Of the lines in the material below, print only those from the one containing "原告は新潟水俣病阿賀野患者会" to the one containing "本轮国补政策延续了此前的补贴", ends included, exactly as written and without pictures.

Record extracts:
════════════════════

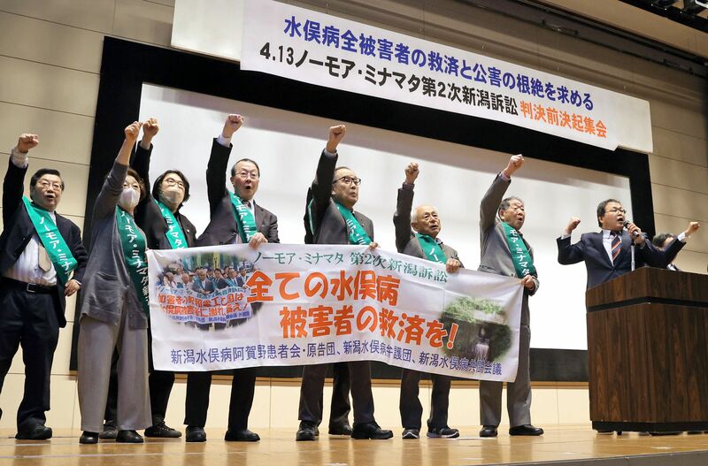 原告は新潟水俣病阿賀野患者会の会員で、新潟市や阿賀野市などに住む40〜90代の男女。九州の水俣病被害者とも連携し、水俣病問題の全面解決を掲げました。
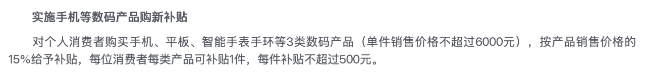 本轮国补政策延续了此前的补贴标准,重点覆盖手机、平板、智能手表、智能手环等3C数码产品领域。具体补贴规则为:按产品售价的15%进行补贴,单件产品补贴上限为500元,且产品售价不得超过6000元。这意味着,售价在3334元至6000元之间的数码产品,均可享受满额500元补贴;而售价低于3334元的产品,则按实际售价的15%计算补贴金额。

════════════════════

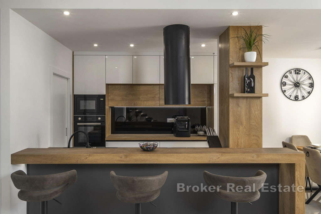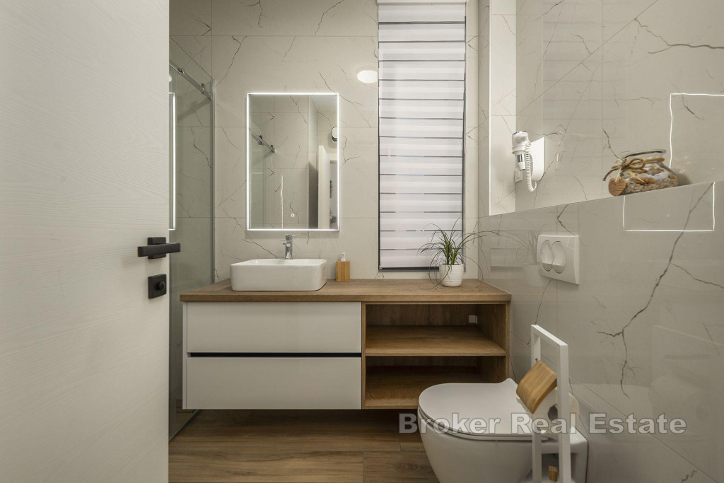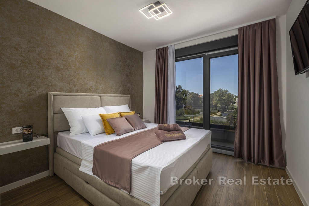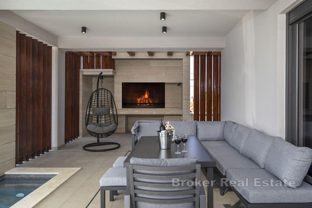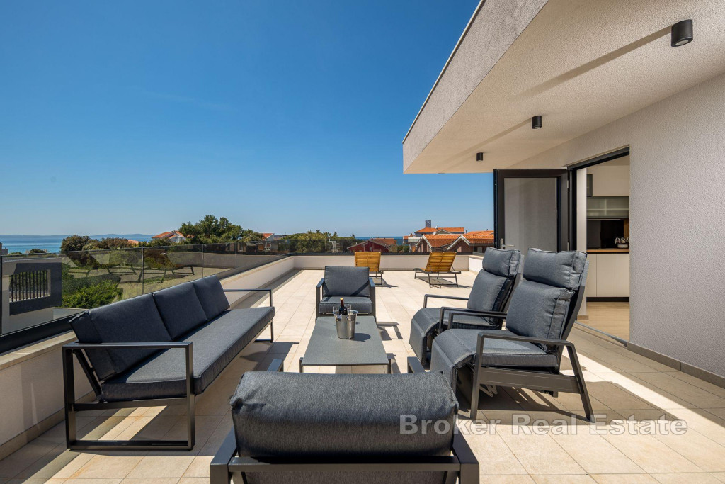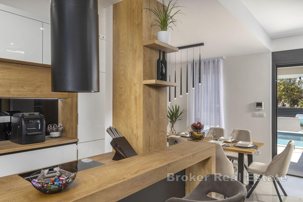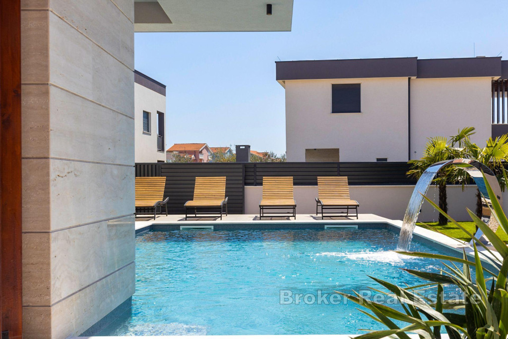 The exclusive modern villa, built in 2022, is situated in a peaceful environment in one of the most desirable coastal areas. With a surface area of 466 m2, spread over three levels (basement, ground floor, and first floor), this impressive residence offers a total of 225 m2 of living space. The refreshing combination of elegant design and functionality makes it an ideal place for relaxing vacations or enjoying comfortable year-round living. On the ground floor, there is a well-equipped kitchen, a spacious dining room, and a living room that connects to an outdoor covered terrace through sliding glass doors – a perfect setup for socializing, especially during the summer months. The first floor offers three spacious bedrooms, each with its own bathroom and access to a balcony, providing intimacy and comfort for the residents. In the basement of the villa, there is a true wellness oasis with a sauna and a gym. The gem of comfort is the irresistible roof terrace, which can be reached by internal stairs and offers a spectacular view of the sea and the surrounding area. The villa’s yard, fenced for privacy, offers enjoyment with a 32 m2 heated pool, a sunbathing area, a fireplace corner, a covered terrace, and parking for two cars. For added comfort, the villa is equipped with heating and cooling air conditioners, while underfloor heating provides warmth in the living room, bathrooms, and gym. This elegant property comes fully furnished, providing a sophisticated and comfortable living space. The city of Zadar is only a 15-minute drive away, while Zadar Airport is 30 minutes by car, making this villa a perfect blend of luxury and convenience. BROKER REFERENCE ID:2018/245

════════════════════

Your solution:
 原告は新潟水俣病阿賀野患者会の会員で、新潟市や阿賀野市などに住む40〜90代の男女。九州の水俣病被害者とも連携し、水俣病問題の全面解決を掲げました。
 本轮国补政策延续了此前的补贴标准,重点覆盖手机、平板、智能手表、智能手环等3C数码产品领域。具体补贴规则为:按产品售价的15%进行补贴,单件产品补贴上限为500元,且产品售价不得超过6000元。这意味着,售价在3334元至6000元之间的数码产品,均可享受满额500元补贴;而售价低于3334元的产品,则按实际售价的15%计算补贴金额。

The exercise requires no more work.